In an era where mobile devices and smart homes are increasingly popular, running large language models (LLM) efficiently has become an urgent need. However, the limited computing resources and memory of edge devices become bottlenecks. This article introduces T-MAC technology, a method based on lookup tables, which can significantly improve the operating efficiency of low-bit LLM on edge devices, bringing more powerful intelligent processing capabilities to smart devices, thereby achieving more convenient and more efficient Smart user experience.
In this era where smart devices are everywhere, we are eager to make mobile phones, tablets, and even smart home devices have more powerful intelligent processing capabilities. However, these edge devices have limited hardware resources, especially memory and computing power, which limits the deployment and running of large language models (LLMs) on them. Imagine how it would change our world if we could equip these devices with powerful models that could understand natural language, answer questions, and even create?
This is the background for the birth of T-MAC technology. T-MAC, the full name of Table-Lookup-based MAC, is a method based on lookup tables, which allows large, low-bit language models to run efficiently on the CPU, thereby achieving intelligent upgrades on edge devices.
Large language models often contain billions or even tens of billions of parameters, which require large amounts of memory to store. In order to deploy these models on edge devices, we need to quantize the weights of the model, that is, use fewer bits to represent the weights, thereby reducing the memory footprint of the model. However, the quantized model requires mixed-precision matrix multiplication (mpGEMM) during operation, which is not common in existing hardware and software systems and lacks efficient support.
The core idea of T-MAC is to transform traditional data type-based multiplication operations into bit-based lookup table (LUT) lookups. This method not only eliminates multiplication operations, but also reduces addition operations, thereby greatly improving operational efficiency.
Specifically, T-MAC is implemented through the following steps:
Decompose the weight matrix into multiple one-bit matrices.
Precompute the product of the activation vector with all possible one-bit patterns and store the results in a lookup table.
During inference, the final matrix multiplication result is quickly obtained through lookup table index and accumulation operations.
Through testing on a variety of edge devices, T-MAC has shown significant performance advantages. Compared with the existing llama.cpp implementation, T-MAC improves throughput by 4 times and reduces energy consumption by 70%. This allows even low-end devices, such as the Raspberry Pi5, to generate tokens faster than the average adult reading speed.
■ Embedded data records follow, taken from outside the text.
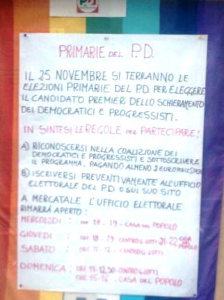 La bacheca del Partito Democratico di Mercatale in Val di Pesa infatti sembra riportare il tempo a quello del socialismo reale quando nelle fotografie ufficiali venivano rimossi gli eroi della Rivoluzione d'Ottobre poi caduti in disgrazia. Così sembra essere per le primarie del centrosinistra che, nel tatzebao affisso in bacheca, divengono primarie del PD. In vero ho stralunato gli occhi prima di mettermi a ridere. Che forse il Partito Democratico è così a corto di idee per sostenere i suoi candidati alle primarie (che sono ben tre) da dover ricorrere alla censura? Il più grande partito di quella coalizione che vorrebbe governare il paese per portarlo fuori dal disastro e dal pantano dove prima Berlusconi e poi in continuità Monti lo hanno condotto. Quasi da non credersi ma così pare.
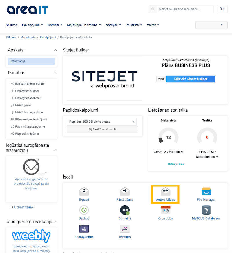 A) izmantojiet AreaIT "Klientu portālu", kur zem īsceļiem varēsiet atrast Auto-Atbildes
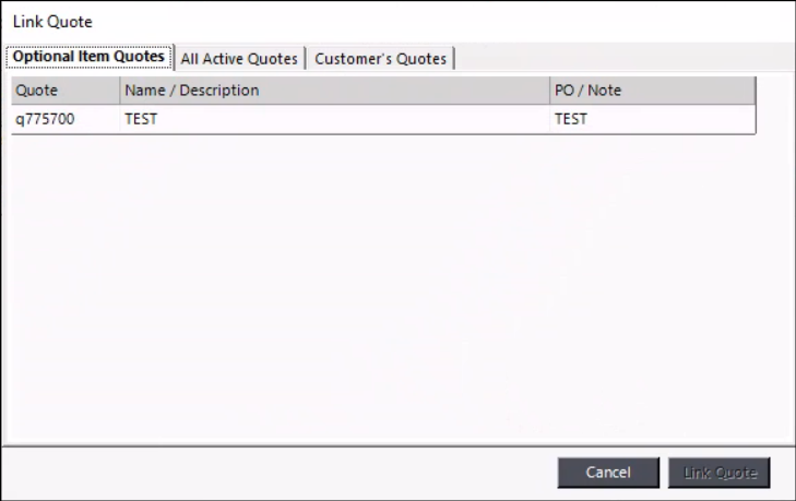 5. Select a quote you want to have listed as optional items and click link Quote.
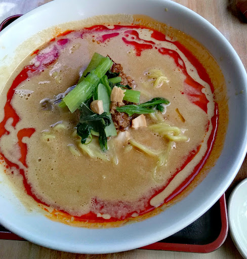 旨いです。個人的に酸味が効いている担々麺が好きで旨い店は大体酸味が効いています。(好みなので)ゴマも程よく効いていました。 野菜の種類も多く、いろいろな食感が楽しめました。特に野菜の名前が分からないのですが、生の山芋の食感を軽くしたような食感の野菜はサクサクしてよかったです。 ご飯もラーメン屋の白ご飯は水分量が少なく、白ご飯単体ではパサパサして旨くないのですが、ここは水分量が多くもっちりして旨かったです。 スープまで全部いっちゃいました。 また...
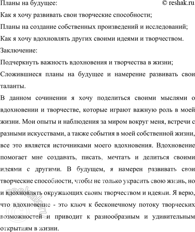 В данном сочинении я хочу поделиться своими мыслями о вдохновении и творчестве, которые играют важную роль в моей жизни. Мои опыты и наблюдения за миром вокруг меня, встречи с разными искусствами, а также события в моей собственной жизни, все это является источниками моего вдохновения. Вдохновение помогает мне создавать, писать, мечтать и делиться своими идеями с другими. В будущем, я намерен развивать свои творческие способности, чтобы не только украсить свою жизнь, но и вдохновлять окружающих своим творчеством и идеями. Я верю, что вдохновение - это ключ к бесконечному потоку творческих возможностей и приводит к разнообразным и удивительным открытиям в жизни.
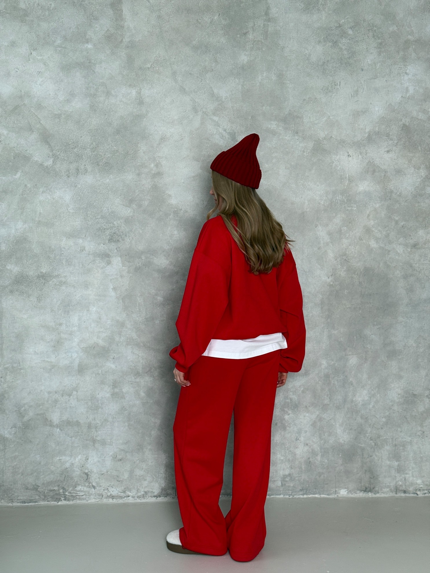 Утепленный комплект из худи и брюк свободного кроя. Худи с воротником-стойкой на короткой молнии, принтом спереди, спущенной линией плеча и трикотажными манжетами. Брюки с эластичным поясом и широкими прямыми штанинами из мягкого утепленного трикотажа.
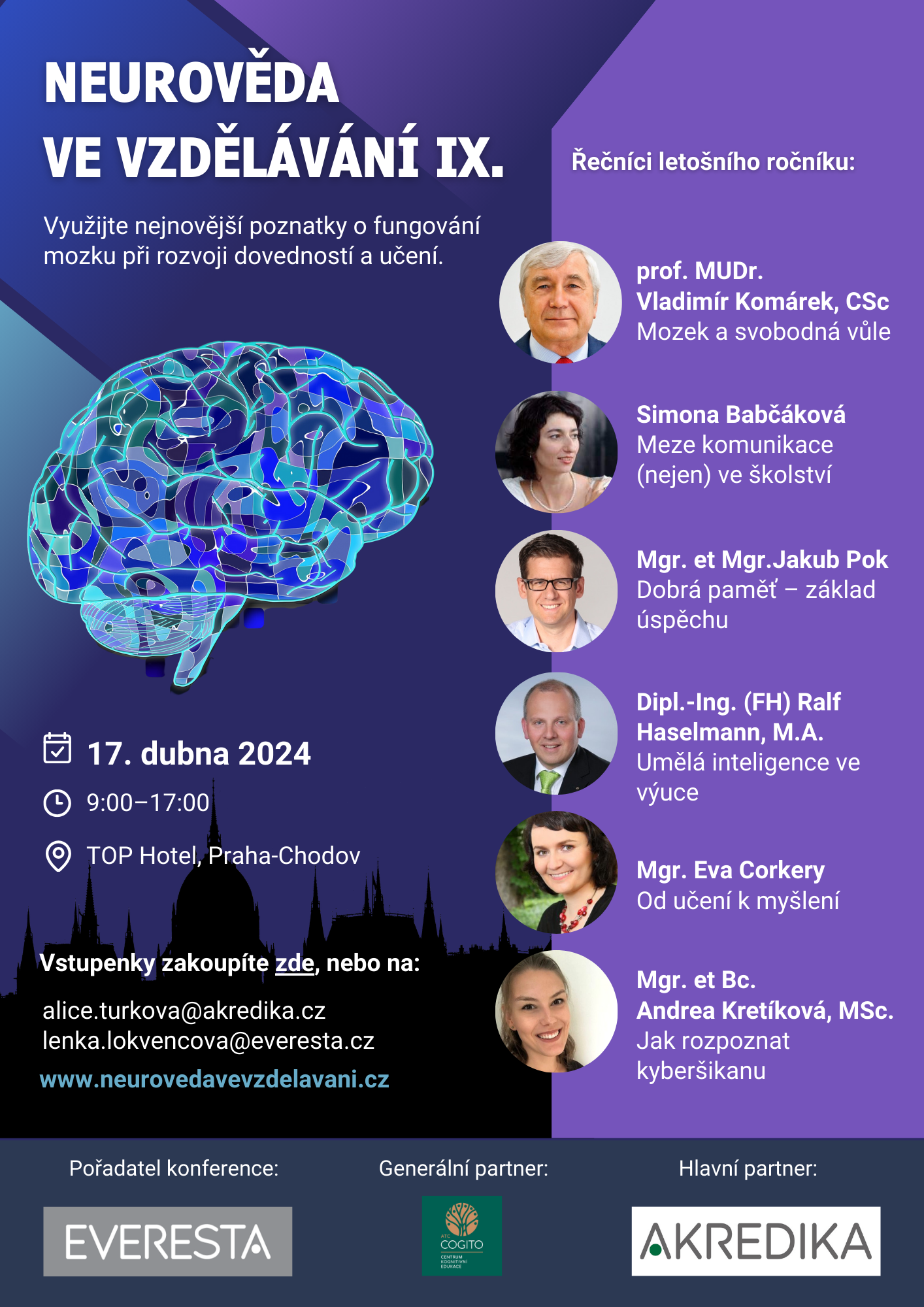 IX. ročník konference Neurověda ve vzdělávání nabídne opět zajímavé přednášky a poznatky napříč vědními obory, na které můžete posléze navázat ve své výuce nebo při svém vlastním procesu učení a získávání znalostí.
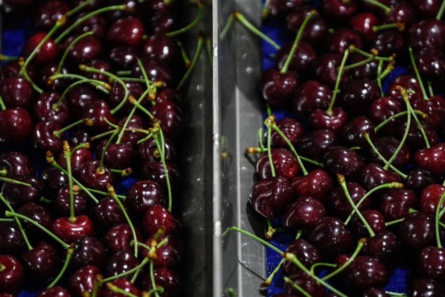 ↑在智利奥希金斯大区拉斯卡夫拉斯一家水果包装厂内,工作人员检查已经装箱的车厘子
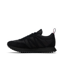 Low-top lightweight suede, buffed leather, and quilted nylon taffeta sneakers in black. · Lace-up closure · Pull-loop at padded tongue and heel tab · Padded collar · Logo applique at sides and heel counter · Mesh lining · TPU foam rubber midsole · Treaded rubber sole Supplier color: Black Upper: textile, leather. Sole: thermoplastic polyurethane, rubber. Made in Italy 242111M237012

T-MAC not only has theoretical advantages, it also has the potential for practical applications. Whether it is performing real-time speech recognition and natural language processing on smartphones, or providing a more intelligent interactive experience on smart home devices, T-MAC can play an important role.
T-MAC technology provides an efficient and energy-saving solution for the deployment of low-bit large language models on edge devices. It can not only improve the intelligence level of the device, but also bring users a richer and more convenient intelligent experience. With the continuous development and optimization of technology, we have reason to believe that T-MAC will play an increasingly important role in the field of edge intelligence.
Open source address: https://github.com/microsoft/T-MAC
Paper address: https://www.arxiv.org/pdf/2407.00088
The emergence of T-MAC technology has brought new breakthroughs in the field of edge computing. Its high efficiency and energy saving make it have broad application prospects on various smart devices. I believe that in the future, T-MAC will be further improved and contribute to building a smarter and more convenient world.